The Jefferies Franchise List of high-conviction stock picks has provided investors outstanding total return since inception in December of 2013, outperforming the S&P 500 in that category by a stunning 25.5%. We found four companies that could be perfect additions for the fourth quarter, as they often excel then.
This remains a top video gaming pick on Wall Street and Jefferies is still very positive on the shares. Activision Blizzard Inc. (NASDAQ: ATVI) develops and publishes online, personal computer (PC), video game console, handheld, mobile and tablet games worldwide. The company develops and publishes interactive entertainment software products through retail channels or digital downloads and downloadable content to a range of gamers.
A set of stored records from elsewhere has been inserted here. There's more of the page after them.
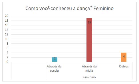 De 30 mulheres entrevistadas, 19 conheceram a dança atraves da midia, 4 de outras formas e somente 2 através da escola.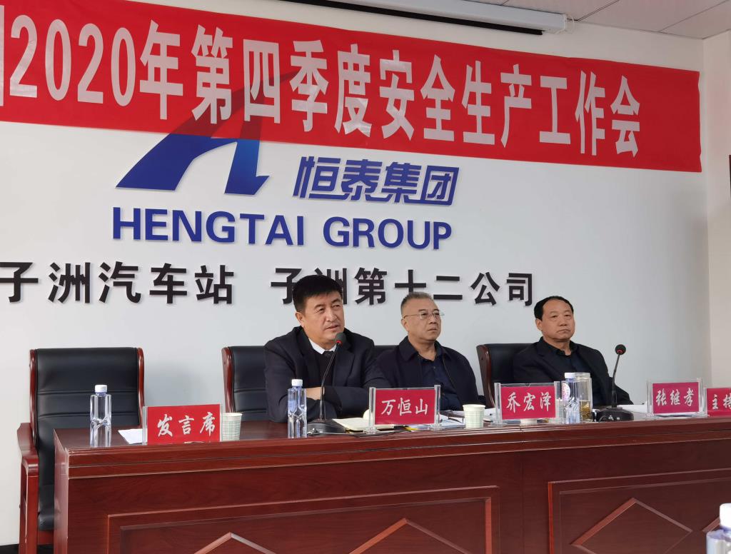 為了確保年底標(biāo)準(zhǔn)化換證工作的順利開展,解決當(dāng)前安全管理工作中存在的問題,分析安全生產(chǎn)形勢(shì),有效遏制道路交通事故的發(fā)生,集團(tuán)公司安委會(huì)在新建子洲客運(yùn)站組織召開了2020年第四季度安全生產(chǎn)工作會(huì)議。集團(tuán)公司董事長(zhǎng)(總經(jīng)理)喬宏澤,常務(wù)副總經(jīng)理萬恒山,副總經(jīng)理張繼孝、趙英富、孟區(qū)旺,安監(jiān)部、客運(yùn)部、汽車后市場(chǎng)、物流部、經(jīng)貿(mào)部負(fù)責(zé)人及相關(guān)人員,集團(tuán)公司所屬各生產(chǎn)經(jīng)營(yíng)單位行政正職,共計(jì)60余人參加了會(huì)議。會(huì)議由張繼孝副總經(jīng)理主持。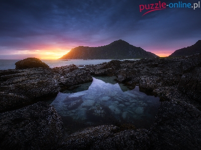 Góra, Chmury, Morze, Skały, Zachód słońca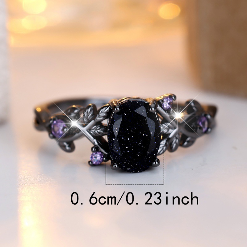 Трансграничный хит продаж, черное золото, яйцевидное, синее, с кристаллами, с песчаным краем, фиолетовое кольцо, ретро, индивидуальное, легкое, роскошное, нишевое кольцо, оптовая продажа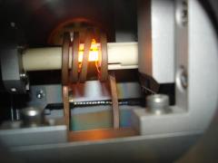 Induktive Heizung und glühende TiAl-Probe in der in-situ Probenumgebung FlexiTherm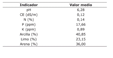 El suelo se clasificó de textura franco arcilloso. De acuerdo con dichos indicadores (Cuadro 1), esta área tiende a ser ligeramente ácida. Es considerado medianamente rico en nitrógeno; los tenores de fósforo disponible y de bases intercambiables (K) fueron altos. Por los niveles de CE es un suelo no salino, por tanto, en función de estas características, puede considerarse de alta fertilidad (Fernández et al., 2006).
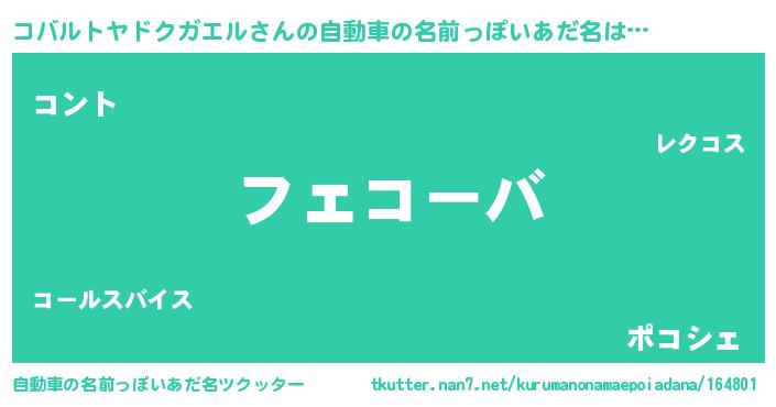 | 胡散臭い通販商品みたいなあだ名 | 『信頼と実績のサプリメント…その名も「コバルトヤドクガエル」』 |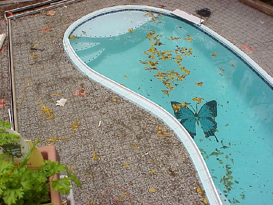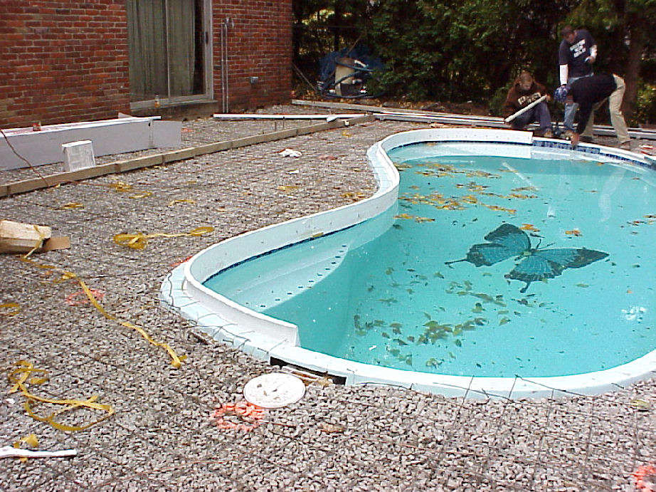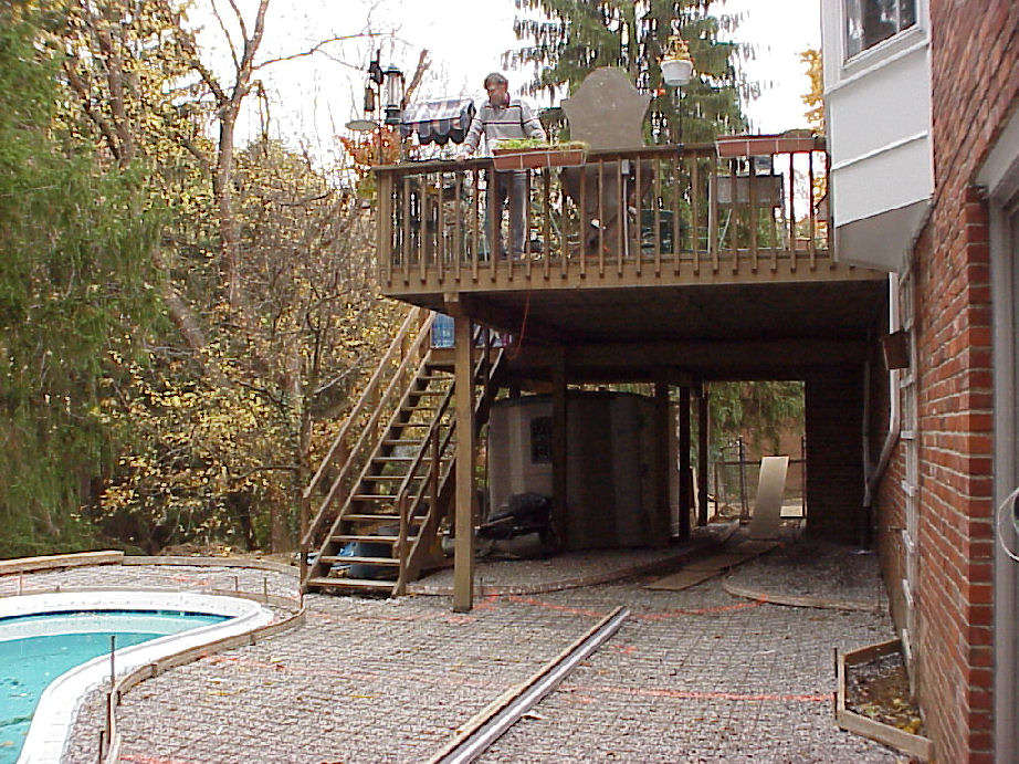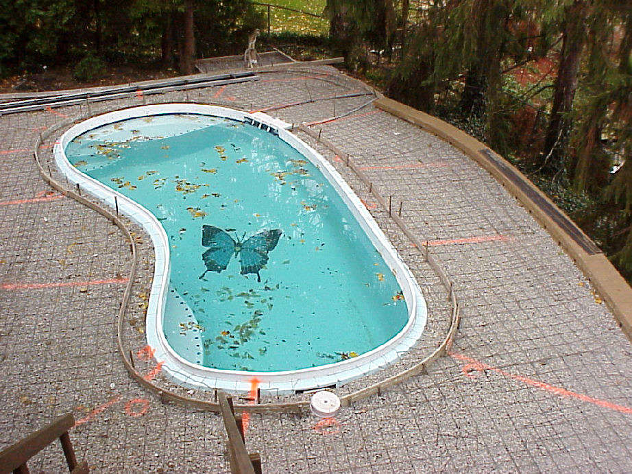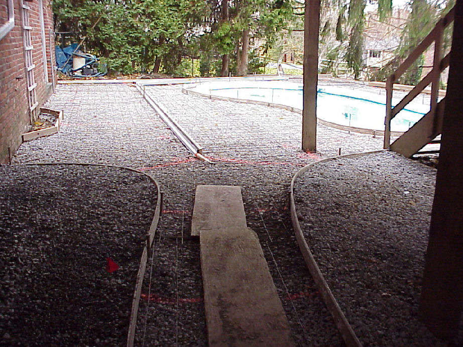 | Above photos show the border forms that will be used for the terracotta color border that we will have around the pool's edge. | This view is taken from the driveway side looking out under the deck toward pool. | |

With its new Blackout mode, many analysts think “Black Ops 4” looks like the most exciting Call of Duty in years, and most are optimistic that Activision Blizzard will have a strong third and fourth quarter. The Jefferies report said this about the second-quarter results:
The company reported results ahead of consensus last week even in the seasonally slow second quarter. Third and fourth quarter guidance looks light but there are significant catalysts including expansions and a new Call of Duty. We believe the company could launch four mobile games in the next twelve months and they could contribute between $200 million and $500 million of incremental revenue upside. We raised our price target and note our earning over share estimates for 2018 and 2019 remain ahead of consensus.
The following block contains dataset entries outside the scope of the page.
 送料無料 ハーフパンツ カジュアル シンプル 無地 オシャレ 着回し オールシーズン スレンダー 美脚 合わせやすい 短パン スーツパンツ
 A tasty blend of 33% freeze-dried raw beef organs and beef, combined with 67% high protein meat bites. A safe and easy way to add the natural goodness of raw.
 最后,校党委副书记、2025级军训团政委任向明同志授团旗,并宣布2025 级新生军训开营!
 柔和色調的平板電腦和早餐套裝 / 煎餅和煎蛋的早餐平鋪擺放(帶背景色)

A recent Jefferies research piece noted this:
We believe Activision is building a Disneystyle entertainment business for the 21st century, but with higher operating margins.
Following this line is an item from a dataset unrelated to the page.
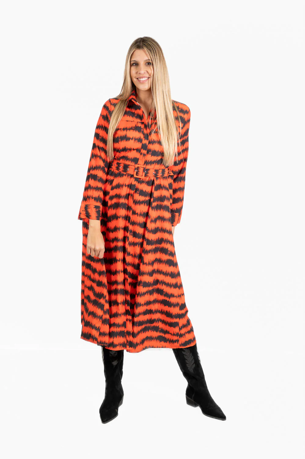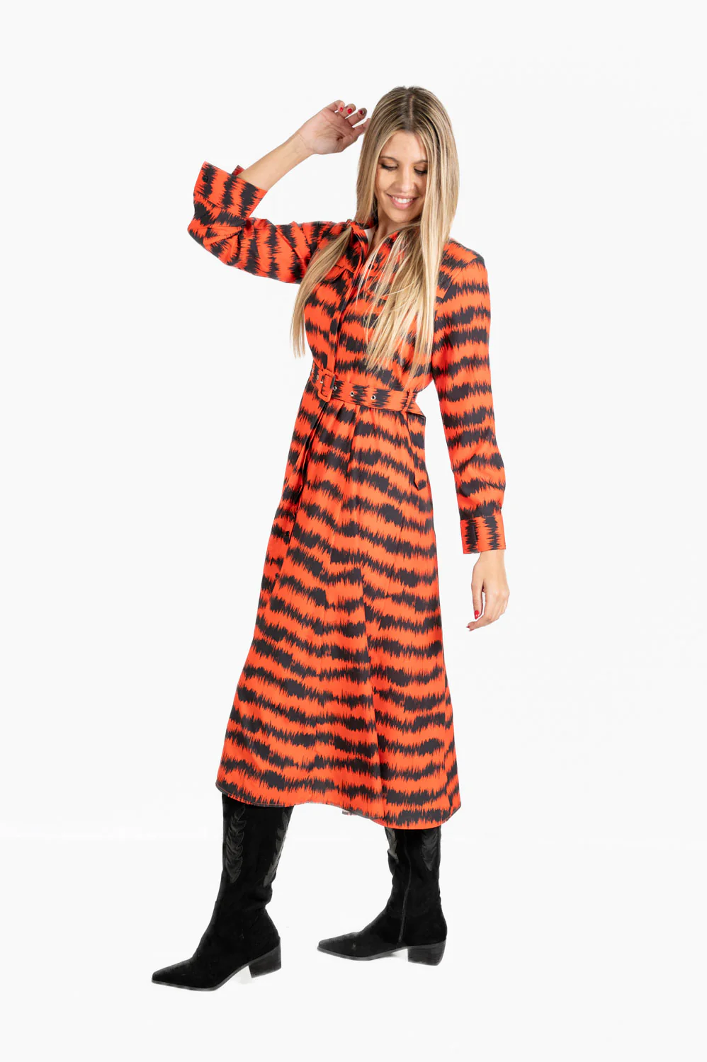 Vestido camisero con cinturón del mismo tejido a la altura de la cintura.

Shareholders receive just a 0.41% dividend. The Jefferies price target for the stock is $90, and the Wall Street consensus target is $81.15. The stock closed Wednesday’s trading at $83.02.
The search giant continues to expand and, while search is king, the cloud presence is growing fast. Alphabet Inc. (NASDAQ: GOOGL) is a global technology company focused on key areas, such as search, advertising, operating systems and platforms, enterprise and hardware products. It generates revenue primarily by delivering online advertising and by selling apps and contents on Google Play, as well as hardware products. The company provides its products and services in more than 100 languages and in 190 countries, regions and territories.
Alphabet offers performance and brand advertising services. It operates through Google and Other Bets segments. The Google segment includes principal internet products, such as Search, Ads, Commerce, Maps, YouTube, Apps, Cloud, Android, Chrome and Google Play, as well as technical infrastructure and newer efforts, such as virtual reality.
The company blew out the latest earnings numbers, and with a wide and bountiful silo of products and services, the stock remains almost unchallenged. It should be noted that traffic acquisition cost relief drove 20% gross profit growth, despite heavy cloud infrastructure and YouTube content investment.
At a recent conference, Google outlined expanding capabilities to facilitate commerce, capitalizing on the “treasure trove” of data provided by seven different properties, each with at least a billion active users (Android, Search, Chrome, Maps, Play, YouTube and Gmail). Smart shopping campaigns leverage machine learning to make sense of touch points along the consumer purchase path, including better offline attribution capabilities (locally oriented searches up 200% over past two years) and improved purchase conversion rates (20% on average).
Jefferies has a $1,450 price target, and the consensus target is $1,385.10. The shares closed Wednesday at $1,211.53.